Top cinema to become ‘diner’ fear

Lease firm’s £15m refurbishment plan for famous Curzon gets go-ahead

Friday, 22nd December 2023 — By Tom Foot

Curzon cinema

The famous West End cinema

A FIFTEEN million pound refurbishment of a West End cinema has got the green light despite warnings it will transform a cultural institution into a glorified “diner”.

Westminster councillors voted unanimously in favour of plans to create a new Mayfair Curzon cinema where restaurant facilities are merged with screens despite stiff opposition from residents.

Applicant 38 Curzon Lease Ltd, which wants to evict the Curzon chain and run its own independent cinema, said it had to “move with the times”.

An objector, from the Mayfair Neighbourhood Forum and Residents’ Society of Mayfair and St James’s, said: “It is proposed that instead of a separate restaurant the whole cinema will become a diner. With films running at the same time, ­people will eat, drink alcohol, and talk at tables in the auditorium while the film is going on. This ­relegates the film into a more ancillary role.”

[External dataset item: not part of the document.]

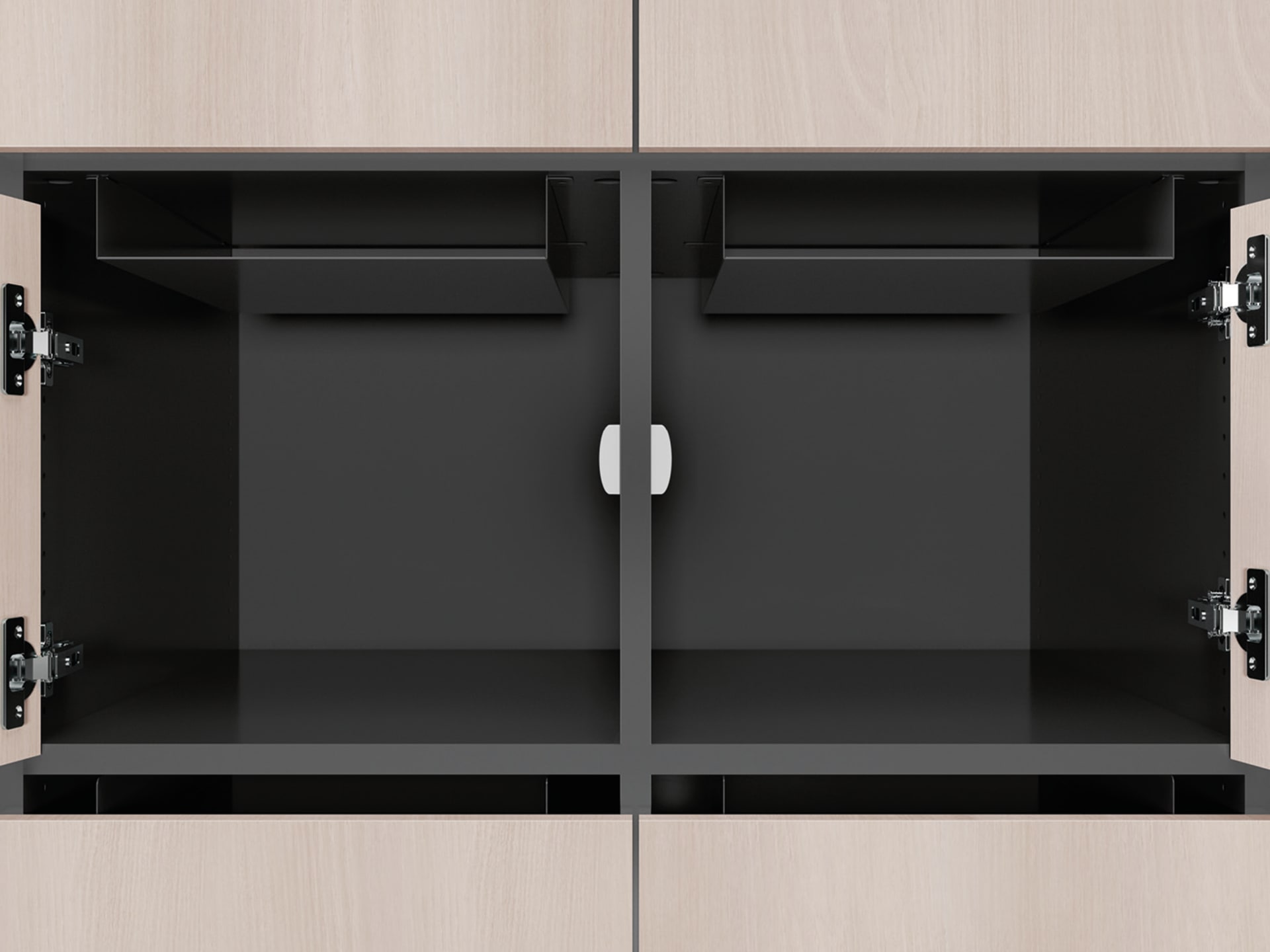 Bij een corpusbreedte van 800 mm beschikt de kast optioneel over een tussenwand. De deuraanslag kan links of rechts worden geplaatst.

“The Curzon Mayfair is Westminster’s landmark resource for important films which require proper uninterrupted viewing conditions.”

The objector said the change of use application could breach city council policies set up to protect cultural assets, and added: “Blockbuster movies premiere in Leicester Square. But smaller films go to Curzon Mayfair. Premieres need a venue that is devoted to film. Not one film promoter will allow a film to premiere in an auditorium that has food, tables and noise.”

The chief executive of Curzon Cinemas Edward Fletcher warned councillors that the cinema “should be protected from radical change” that he said would “harm its heritage”.

Celebrities like Steven Spielberg and A-list actors including Toby Jones, Tilda Swinton, Emily Mortimer and Imogen Poots, have thrown their support behind a campaign to keep the cinemas in the hands of the current operators.

The cinema first opened in 1935 and it is descr-ibed by Historic England as “the finest surviving cinema building of the post-war period”.

The city council listed the cinema as an asset of community value earlier this year alongside Soho’s The Coach and Horses pub and the LGBTQ venue Heaven.

Chief operating officer for 38 Curzon Lease Ltd, Damian Drabble, a veteran with 30 years’ military service in the Middle East, said: “Tonight is not a discussion about who operates the venue. That is a discussion for another time and place.

“For cinemas to flourish in this new post-Covid world, with increased competition from streaming and home entertainment, the cinema experience needs to evolve with the times.”

The company removed plans to ditch one of the two screens following public backlash.

Planning committee chair Cllr Jason Williams said he could see “no material reasons” to refuse the application that objectors claim will turn the iconic post-war cinema into a diner.

West End Cllr Paul Fisher said he feared refusing the application based on who would run the venue would be successfully appealed.

He said he was confident the revised proposal wouldn’t interfere with the Mayfair cinema’s “cultural use” and praised objectors for pressuring the landlord into keeping both screens.